LeLe 17 mai, le maire de La Chapelle-sur-Erdre, petite commune de Loire-Atlantique d’un peu plus de 20 000 habitant·es, a promis de transformer le protocole d’amitié qui existe depuis 2019 avec le camp de réfugié·es de Jénine, en Cisjordanie occupée, en véritable jumelage. Une manière, a justifié Laurent Godet, d’exprimer son « soutien indéfectible » à la ville palestinienne et à son camp, vidé de tous ses habitants et habitantes et théâtre d’une brutale opération de l’armée israélienne depuis janvier.
Quelques jours plus tard, la ville de Strasbourg annonçait mettre au vote en juin une proposition de jumelage avec le camp de réfugié·es d’Aïda, en lisière de Bethléem, là aussi « en soutien au peuple palestinien », a souligné la maire, Jeanne Barseghian. Un choix qui lui vaut, depuis, de nombreuses attaques.
La coopération décentralisée des collectivités et villes françaises avec des partenaires palestiniens, amorcée dans le sillage des accords d’Oslo en 1995, a d’abord subi un « recul après le 7-Octobre », reconnaît Abdallah Anati, directeur exécutif de l’Association des autorités locales palestiniennes (Apla). « Certaines villes de différents pays, sous pression de partis politiques ou des gouvernements, des lobbies, ont dit qu’elles voulaient réexaminer leur relation avec les Palestiniens », explique-t-il.
Finalement, aucun partenariat ni jumelage n’a, à sa connaissance, été stoppé.

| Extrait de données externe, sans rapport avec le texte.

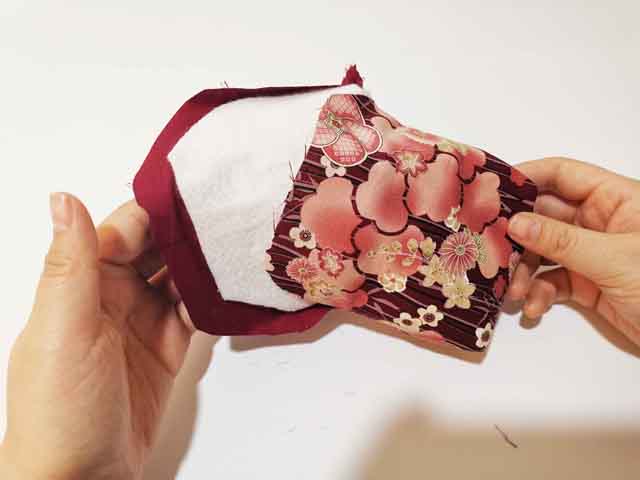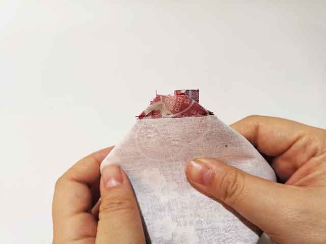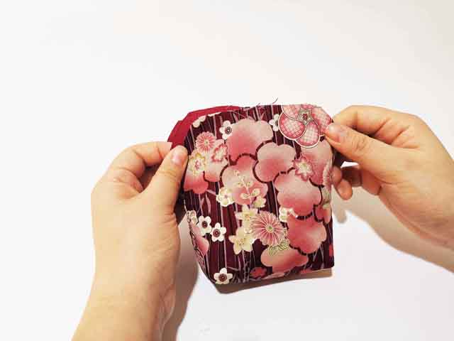 里布放在表布里,包口沿著鋪棉硬襯的縫份對折,用藏針縫技法縫合包口一圈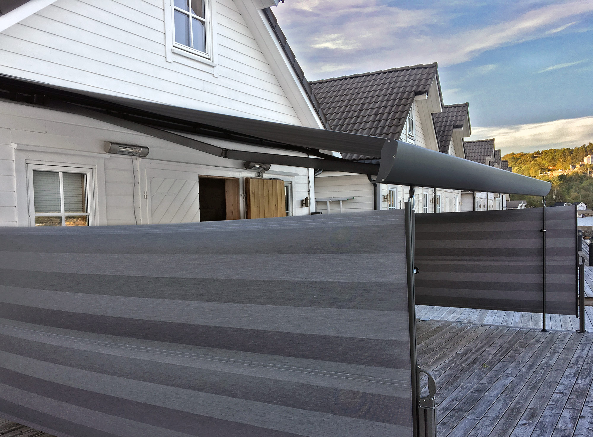 Vindskjerming fungerer som en vertikalmarkise og er ypperlig som levegg på uteplassen. Den kan integreres med bygget eller uteplassen for å gi beskyttelse mot vind og sol uten å blokkere utsikten. Dette gir både funksjonalitet og estetikk.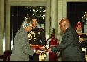 The High Commissioner-Designate of Namibia to India, HE Maj Gen Charles Dicson Ndaxu Phillip Namoloh presenting his credentials to the President of India, Dr A P J Abdul Kalam at the Ashok Hall of Rashtrapati Bhavan in New Delhi on April 16, 2003
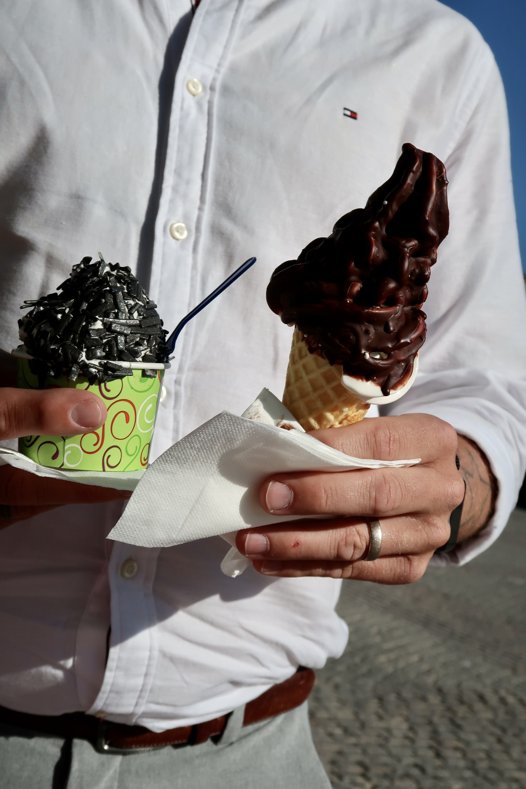 Superduperproppmätta efter maten satte vi oss på torget och åt glass. Sånt finns det ju alltid plats för, inte sant? Det är en annan mage till godsakerna än det är till mat. Haha! 🤣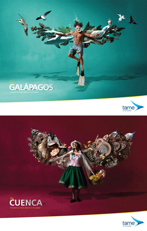 Il fatto è che oggi perfino i paesi che con la nostra solita arroganza definiremmo “del terzo mondo” riescono a produrre creatività migliore della nostra. Prendiamo ad esempio la campagna delle linee aeree dell’Ecuador. Nonostante l’Ecuador non sia certamente la mecca della pubblicità e abbia risorse culturali che non sono nemmeno lontanamente paragonabili alle nostre, i loro pubblicitari ci stupiscono con una campagna spettacolare. I protagonisti hanno ali composte dalle immagini dei luoghi che vogliono visitare. Le “ali” appartengono al mondo dei desideri ma è grazie alla compagnia aerea che questi desideri si materializzano e diventano il mezzo di trasporto con cui raggiungere i luoghi desiderati. È come un invito a esprimere qualunque desiderio, a cui la compagnia aggiunge: “Al resto ci pensiamo noi”. Ma senza bisogno di dirlo (come fa invece Alitalia): non occorre, quando la comunicazione è già così potente. Anche qui viene spontaneo immaginare che cosa avrebbero detto i dirigenti della nostra compagnia di bandiera se gli fosse stata presentata una campagna come questa. Anzi, che cosa non avrebbero detto. Il primo impatto col visual avrebbe causato sicuramente il silenzio imbarazzato di chi forse è abituato a forme di comunicazione più didascaliche e piatte. Dopo qualche minuto, il più giovane dei manager avrebbe rotto il silenzio chiedendo timidamente: “Ma… non potremmo metterci dei testimonial?”, raccogliendo sguardi di approvazione e di sollievo da parte dei superiori. Vecchia storia.

Au contraire, « les relations sont encore bien plus florissantes qu’avant le 7-Octobre, parce que la guerre a montré ce qu’Israël fait aux Palestiniens ». À l’inverse, plusieurs villes européennes, dont La Rochelle (Charente-Maritime), ont suspendu leurs relations avec leurs partenaires israéliens.
La coopération décentralisée permet aux collectivités locales de s’ouvrir à l’international à travers des jumelages, échanges culturels, visites croisées, initiatives linguistiques ou sportives. « Des rencontres entre peuples », résume le maire communiste de Gennevilliers (Hauts-de-Seine), Patrice Leclerc, dont la ville est jumelée avec Al-Bireh, à côté de Ramallah, dans le centre de la Cisjordanie occupée.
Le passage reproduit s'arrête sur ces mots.